**TASK BRIEF:** Leaving out each picture, transcribe the lines of the listing below exactly from the first through the line that contains "Celebrate It Checker".

(RECORDED DATA)

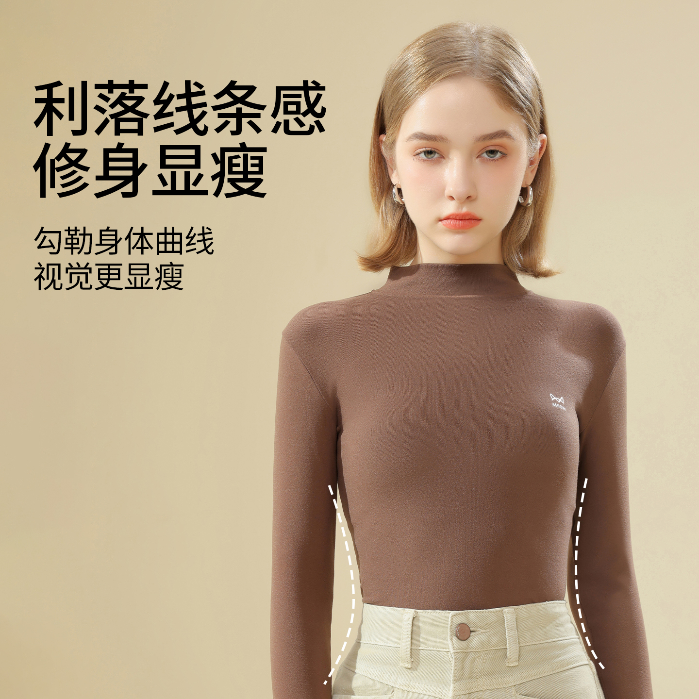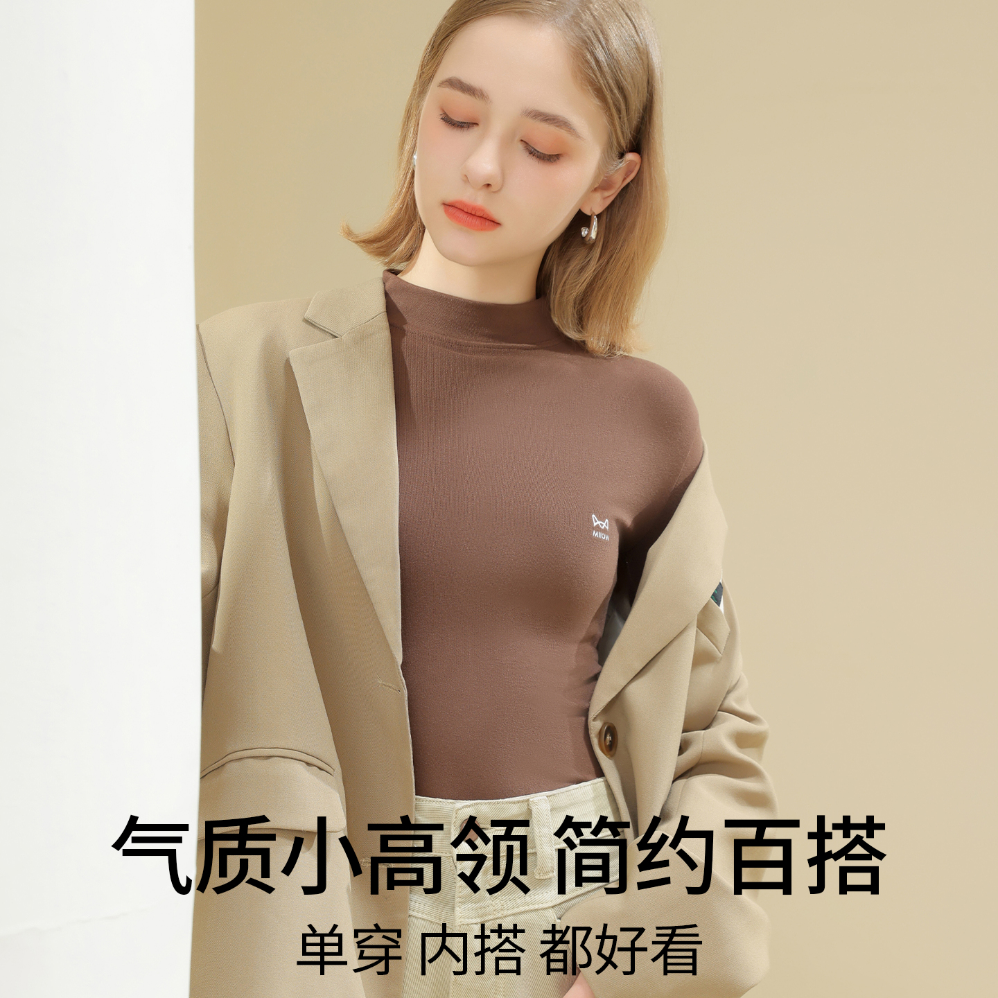 磨毛内搭保暖上衣女外穿长袖 发热薄款 秋衣 女秋季 猫人中领打底衫
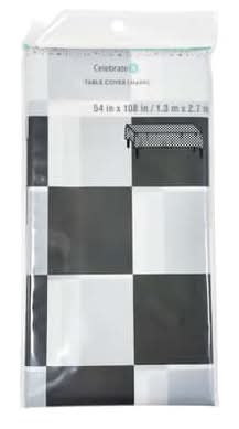 Celebrate It Checker Plastic Table Cover, 54x108 in, Black-White
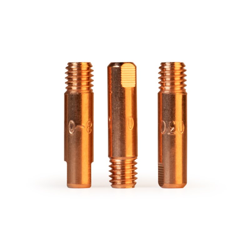 Наконечник – расходная часть MIG/MAG горелки, которая обеспечивает токосъём в процессе сварки, поэтому наконечники, так же называют контактными. Кроме того, через наконечник в процессе сварки подаётся проволока. Для оптимальной работы и идеального контакта необходимо, чтобы диаметр отверстия наконечника и сечение проволоки – совпадали.
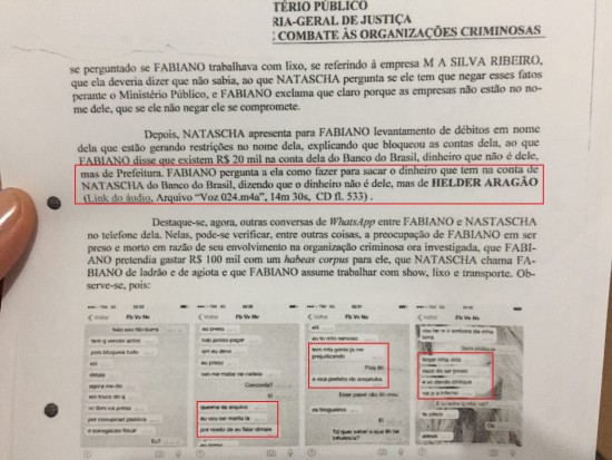 Entre as diversas páginas do documento obtido com exclusividade pelo blog do Neto Ferreira, Helder Aragão figura a maior parte. São grampos, conversas telefônicas e documentos encontrados com o nome do prefeito que evidenciam sua participação junto aos demais envolvidos: o empresário Fabiano Bezerra e o ex-presidente da Assembleia Legislativa do Estado e pai do deputado estadual Eduardo Braide, Carlos Braide.

(End RECORDED DATA)

**TASK ANSWER:**
 磨毛内搭保暖上衣女外穿长袖 发热薄款 秋衣 女秋季 猫人中领打底衫
 Celebrate It Checker Plastic Table Cover, 54x108 in, Black-White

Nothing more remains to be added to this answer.